F.C. Ironi Or Yehuda (), Moadon Kaduregel Ironi Or Yehuda, lit. Municipal Football Club Or Yehuda (or in short , Mem Kaf Ironi Or Yehuda, lit. F.C. Ironi Or Yehuda) is an Israeli football club based in Or Yehuda. The club is currently in Liga Alef South division.

History
The club was founded in 2005, after the previous club of the city, Hapoel Or Yehuda (which in its prime finished runners-up in Liga Alef South division), dissolved at the end of the 2004–05 season while playing in Liga Bet.
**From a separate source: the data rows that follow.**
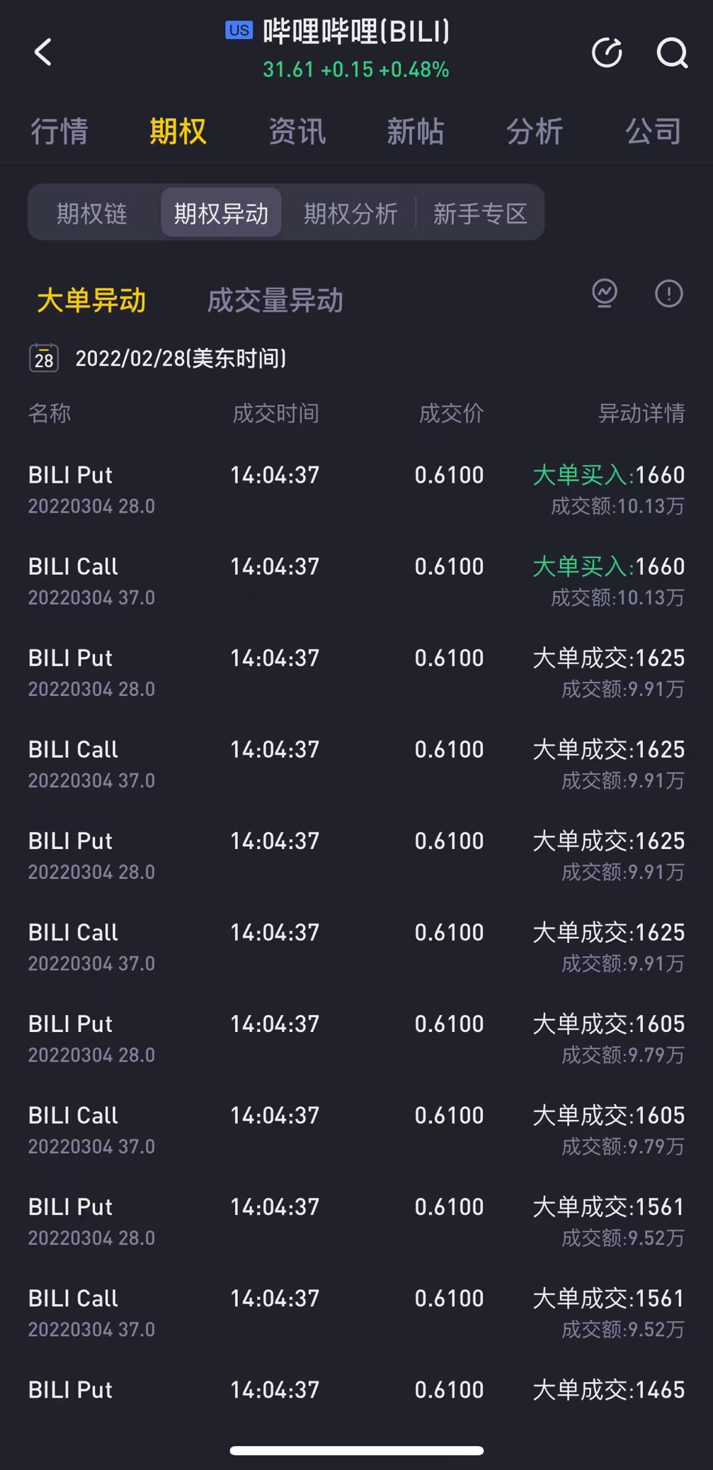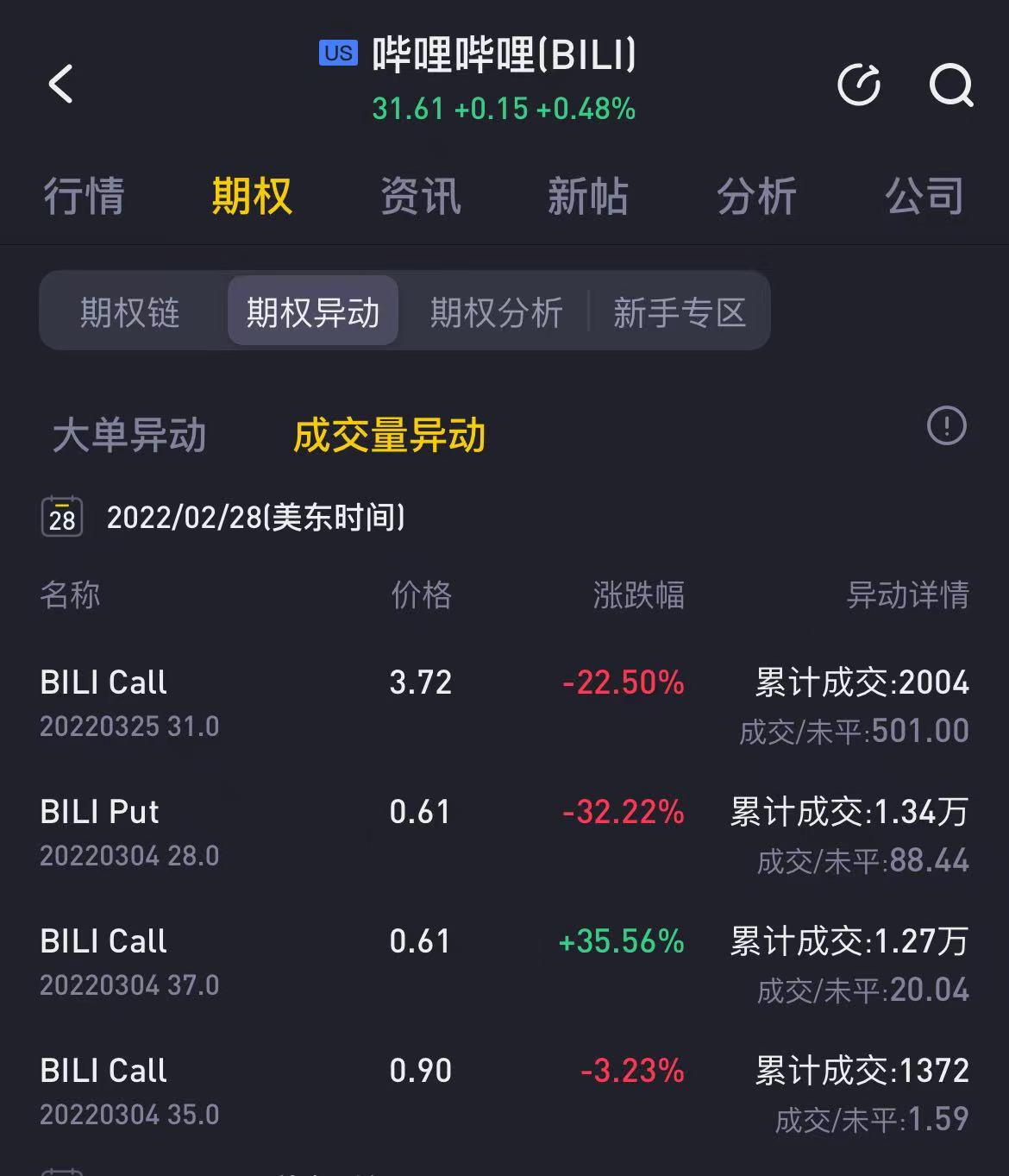 最后是$哔哩哔哩(BILI)$ 周四盘后财报,异动偏向跨式,大单异动分别是$BILI 20220304 28.0 PUT$ $BILI 20220304 37.0 CALL$。我个人偏向于像COST一样操作,买下周到期的call$BILI 20220311 35.0 CALL$然后周四平仓。
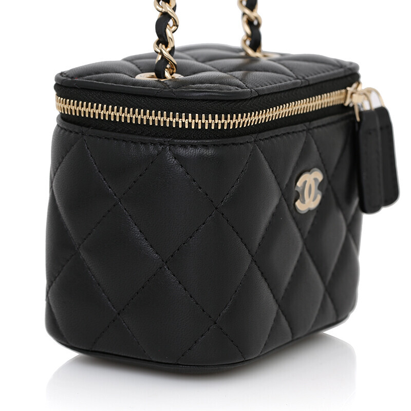 샤넬 클래식 램스킨 베니티 블랙 금장 CC 로고 체인크로스 미니백 체인백.
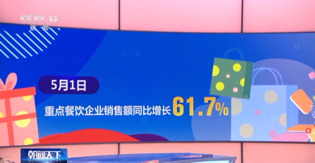 餐饮休闲类消费火热,重点餐饮企业销售额同比增长61.7%。
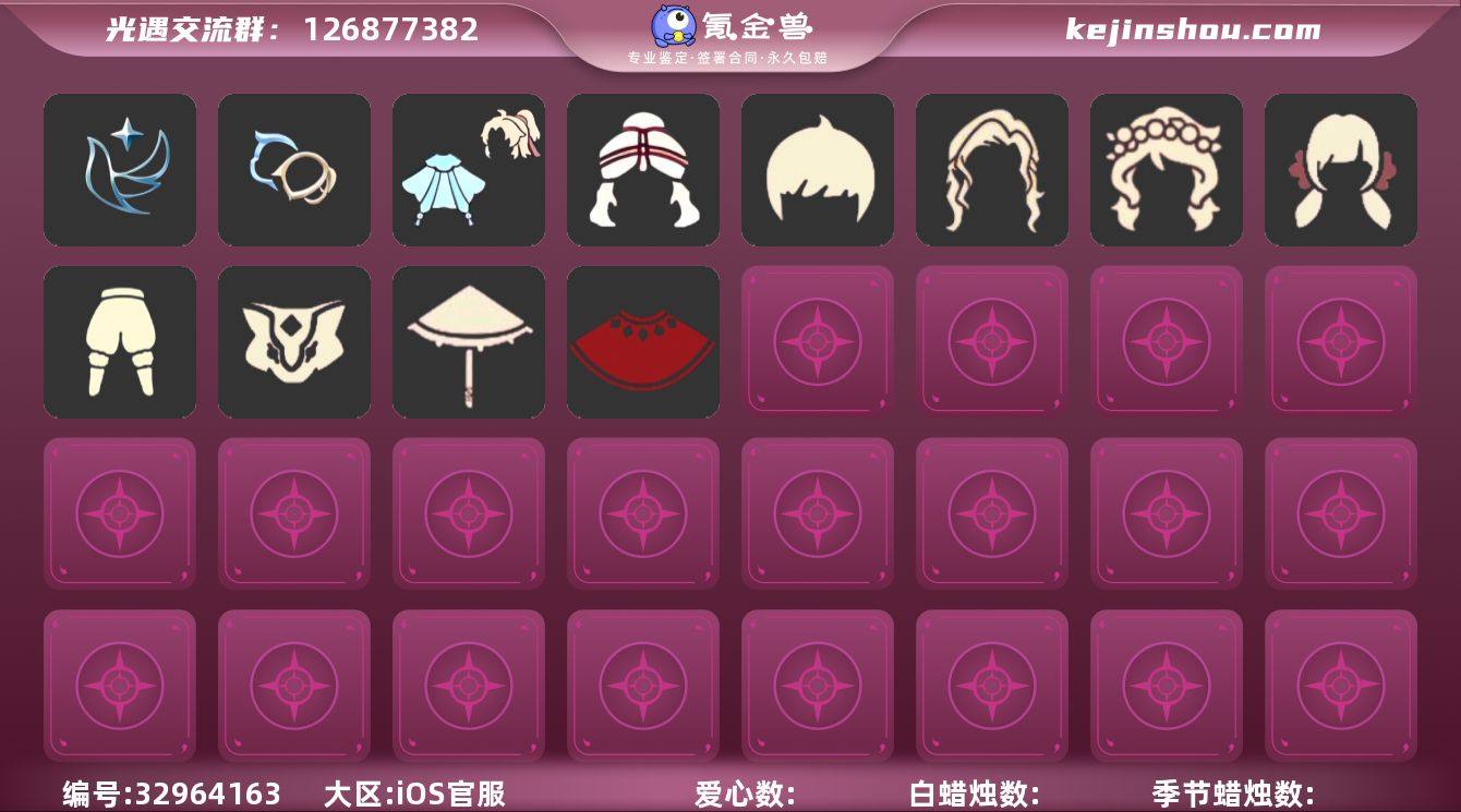 账号类型: 手机账号 季节已毕业: 青鸟季,双星季 完成地图: 无 礼包: 青衫落拓礼包 裤子: 白棉裤 面具: 黄鼠狼 发型: 正太,樱花,公主头,虚荣 头饰: 花环 斗篷: 红金 配饰: 雨伞 亮点: 重塑药水55,有织光季季卡
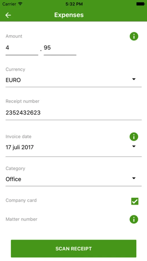 App voor het indienen van declaraties, creditcardstukken en km-vergoeding. Neem een foto van de bon of leg kilometers vast. Niets meer vergeten of kwijtraken. Details vult u in als het u schikt. Nog 1 klik en het administratieproces start.
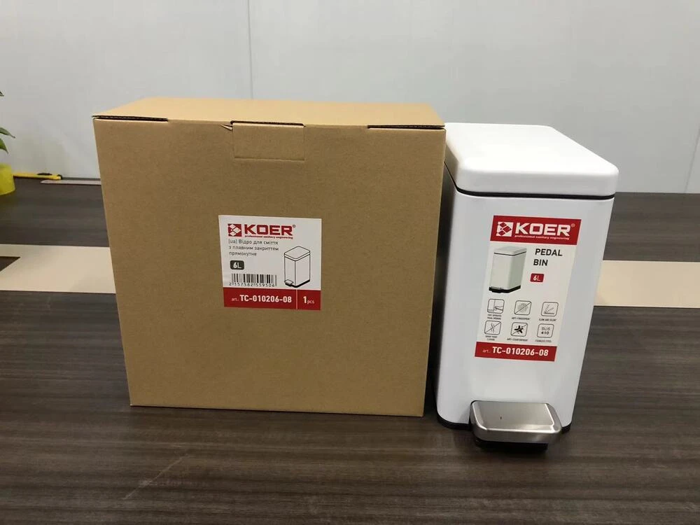 Відро для сміття з плавним закриттям прямокутне Koer TC-010206-08 6 л колір білий (KR5595)
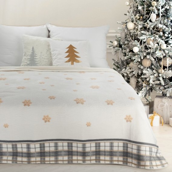 Wyjątkowo miękki w dotyku koc ze wzorem świątecznym szerokość: 200 cm, długość: 220 cm, kolor: biały, Gramatura: 470 GSM GSM, Skład: 60% bawełna, 40% akryl

F.C. Ironi Or Yehuda started the 2005–06 season in Liga Gimel Tel Aviv division, where they finished runners-up, one point behind champions, Shikun Vatikim Ramat Gan. In the following season, the club won the Tel Aviv division, and were promoted to Liga Bet, where they play since. The club's best placing to date came at the 2011–12 season, when they finished runners-up in Liga Bet South A division.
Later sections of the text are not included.